In the magnificent Candide, Voltaire said something about Admirals in Britain…

In this country it is a good thing to kill an admiral from time to time to encourage the others.

Nowadays of course, they don’t do that. What they do is promote royals to admirals without them having earned it and put out embarassingly fawning pieces about the decision to do so.

The Queen has formally presented the Duke of Edinburgh with the title and office of Lord High Admiral of the Navy to mark his 90th birthday.

The post – the titular head of the Royal Navy – dates back to the 14th Century.

Prince Philip gave up a promising career on the seas to devote his life to royal duty. He had already reached the rank of commander before stepping down from his active role in 1951 as the health of his father-in-law George VI deteriorated.

Some believe he could have been First Sea Lord – the professional head of the Royal Navy – and the Queen’s birthday gift could be seen as an acknowledgement of the sacrifices the Duke has made for his wife

As you can see, the article says that one of the reasons he gave the navy up was to devote his life to his royal duties.

Let’s see, in the light of the meritocratic, inclusive and free society that this appointment speaks loud of, how well he has occasionally done on some of those duties. This is by no means a full list. These are selected ones from here…

  1. To female sea cadet last year: “Do you work in a strip club?”
  2. To President of Nigeria, who was in national dress, 2003: “You look like you’re ready for bed!”
  3. To a British trekker in Papua New Guinea, 1998: “You managed not to get eaten then?”
  4. Peering at a fuse box in a Scottish factory, he said: “It looks as though it was put in by an Indian.” He later backtracked: “I meant to say cowboys.”
  5. To Lockerbie residents after plane bombing, 1993: “People say after a fire it’s water damage that’s the worst. We’re still drying out Windsor Castle.”
  6. To a woman solicitor, 1987: “I thought it was against the law for a woman to solicit.”
  7. To the Aircraft Research Association in 2002: “If you travel as much as we do, you appreciate the improvements in aircraft design of less noise and more comfort – provided you don’t travel in something called economy class, which sounds ghastly.”
  8. To then Paraguay dictator General Stroessner: “It’s a pleasure to be in a country that isn’t ruled by its people.”
  9. To Susan Edwards and her guide dog in 2002: “They have eating dogs for the anorexic now.”
  10. To black politician Lord Taylor of Warwick, 1999: “And what exotic part of the world do you come from?”
  11. “People think there’s a rigid class system here, but dukes have even been known to marry chorus girls. Some have even married Americans.” 2000.
  12. On being made Chancellor of Edinburgh University in 1953: “Only a Scotsman can really survive a Scottish education.”
  13. To a British student in China, 1986: “If you stay here much longer, you’ll go home with slitty eyes”

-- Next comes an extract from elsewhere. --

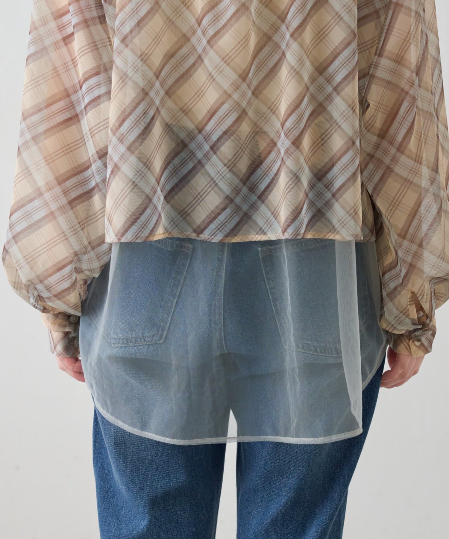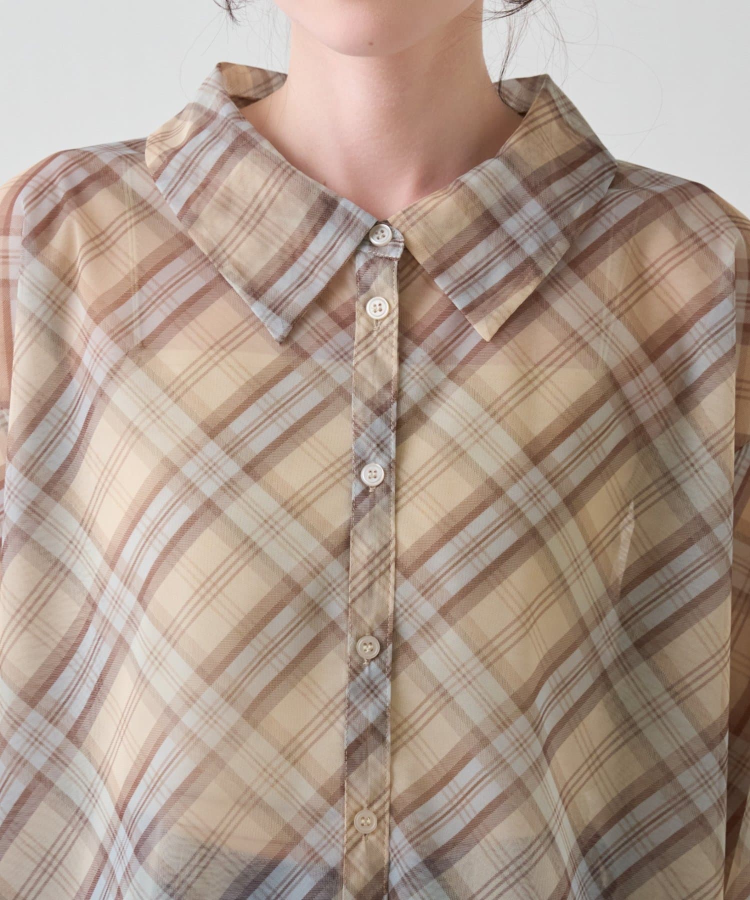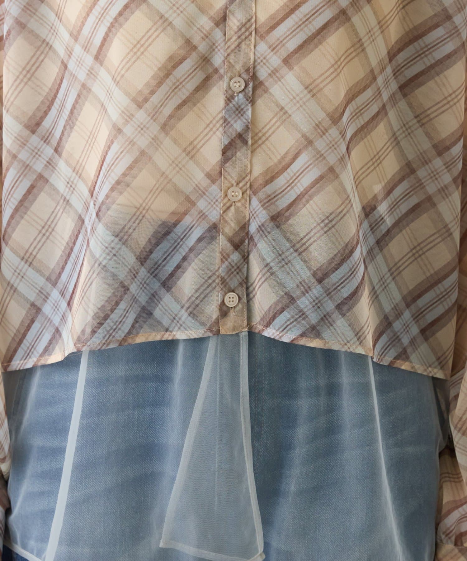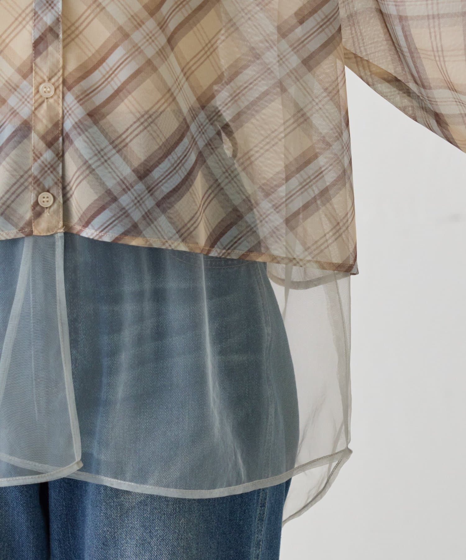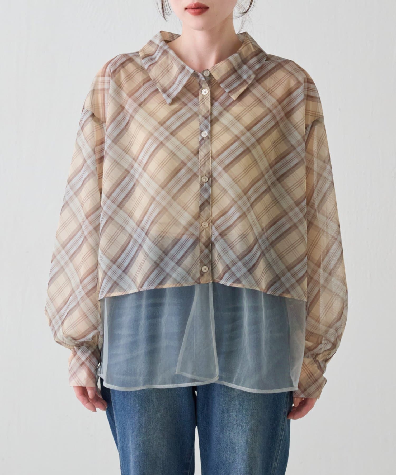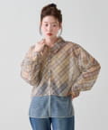 チェック柄とシアー素材を組み合わせた、レイヤード風デザインのシャツ。

Great Missing The Point Moments In History – Five – An Old Work Colleague of Mine

This one hardly ranks as a famous moment but is worth a mention. For the others in the series click here.

Anyway, I had completely forgotten about this till I was just reminded of it there in an email.

In the run-up to euro 2004 tournament there was talk of an office sweepstake for the winner. Voice from other side of the office shouts “Can I have Brazil”.